Transiting exoplanets from the CoRoT space mission. XXI. CoRoT-19b: a low density planet orbiting an old inactive F9V-star

Guenther, E. W.; Díaz, R. F.; Gazzano, J.-C.; Mazeh, T.; Rouan, D.; Gibson, N.; Csizmadia, Sz.; Aigrain, S.; Alonso, R.; Almenara, J. M.; Auvergne, M.; Baglin, A.; Barge, P.; Bonomo, A. S.; Bordé, P.; Bouchy, F.; Bruntt, H.; Cabrera, J.; Carone, L.; Carpano, S.; Cavarroc, C.; Deeg, H. J.; Deleuil, M.; Dreizler, S.; Dvorak, R.; Erikson, A.; Ferraz-Mello, S.; Fridlund, M.; Gandolfi, D.; Gillon, M.; Guillot, T.; Hatzes, A.; Havel, M.; Hébrard, G.; Jehin, E.; Jorda, L.; Lammer, H.; Léger, A.; Moutou, C.; Nortmann, L.; Ollivier, M.; Ofir, A.; Pasternacki, Th.; Pätzold, M.; Parviainen, H.; Queloz, D.; Rauer, H.; Samuel, B.; Santerne, A.; Schneider, J.; Tal-Or, L.; Tingley, B.; Weingrill, J.; Wuchterl, G.
Bibliographical reference

Astronomy and Astrophysics, Volume 537, id.A136

Advertised on:
1
2012
Number of authors
54
IAC number of authors
5
Citations
28
Refereed citations
23
Description
Context.
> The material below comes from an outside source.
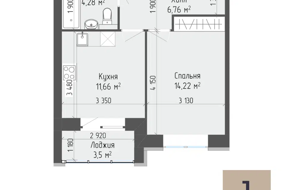 1-комн. кв., 38.95 м², 2/7 этаж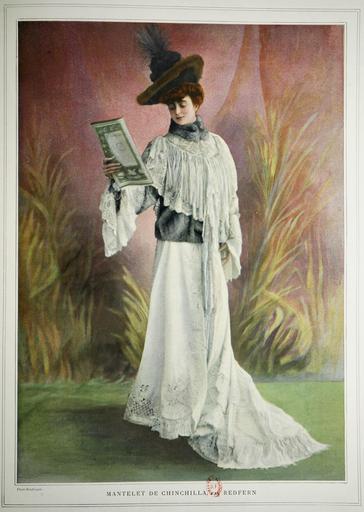 Keywords: Mantelet de chinchilla par Redfern 1904.jpg Mantelet de chinchilla par Redfern Mantelet de chinchilla ” Robe en drap blanc brodé Parements Empiècement en dentelle brodée gris argent Petit collet de dentelle garni de pampilles grises Photograph in Les Modes Revue mensuelle illustrée des arts décoratifs appliqués à la femme ark /12148/bpt6k5726179t/f30 File Mantelet de chinchilla par Redfern 1904 cropped jpg 1904-10 Creator Léopold-Émile Reutlinger PD-old-70-1923 Mantelets clothing 1904 Chinchilla clothing Redfern in 1904 Fashion in 1904 Léopold-Émile Reutlinger Furs by John Redfern Fur fashion in 1904 |

Observations of transiting extrasolar planets are of key importance to our understanding of planets because their mass, radius, and mass density can be determined. These measurements indicate that planets of similar mass can have very different radii. For low-density planets, it is generally assumed that they are inflated owing to their proximity to the host-star. To determine the causes of this inflation, it is necessary to obtain a statistically significant sample of planets with precisely measured masses and radii. Aims: The CoRoT space mission allows us to achieve a very high photometric accuracy. By combining CoRoT data with high-precision radial velocity measurements, we derive precise planetary radii and masses. We report the discovery of CoRoT-19b, a gas-giant planet transiting an old, inactive F9V-type star with a period of four days. Methods: After excluding alternative physical configurations mimicking a planetary transit signal, we determine the radius and mass of the planet by combining CoRoT photometry with high-resolution spectroscopy obtained with the echelle spectrographs SOPHIE, HARPS, FIES, and SANDIFORD. To improve the precision of its ephemeris and the epoch, we observed additional transits with the TRAPPIST and Euler telescopes. Using HARPS spectra obtained during the transit, we then determine the projected angle between the spin of the star and the orbit of the planet. Results: We find that the host star of CoRoT-19b is an inactive F9V-type star close to the end of its main-sequence life. The host star has a mass M∗ = 1.21 ± 0.05 M&sun; and radius R∗ = 1.65 ± 0.04 R&sun;. The planet has a mass of MP = 1.11 ± 0.06 MJup and radius of RP = 1.29 ± 0.03 RJup. The resulting bulk density is only ρ = 0.71 ± 0.06 g cm-3, which is much lower than that for Jupiter. Conclusions: The exoplanet CoRoT-19b is an example of a giant planet of almost the same mass as Jupiter but a ≈30% larger radius. The CoRoT space mission, launched on December 27, 2006, has been developed and is operated by the CNES, with the contribution of Austria, Belgium, Brazil, ESA (RSSD and Science Program), Germany and Spain. Partly based on observations obtained at the European Southern Observatory at Paranal, Chile in program 184.C-0639, and partly based on observations conducted at McDonald Observatory.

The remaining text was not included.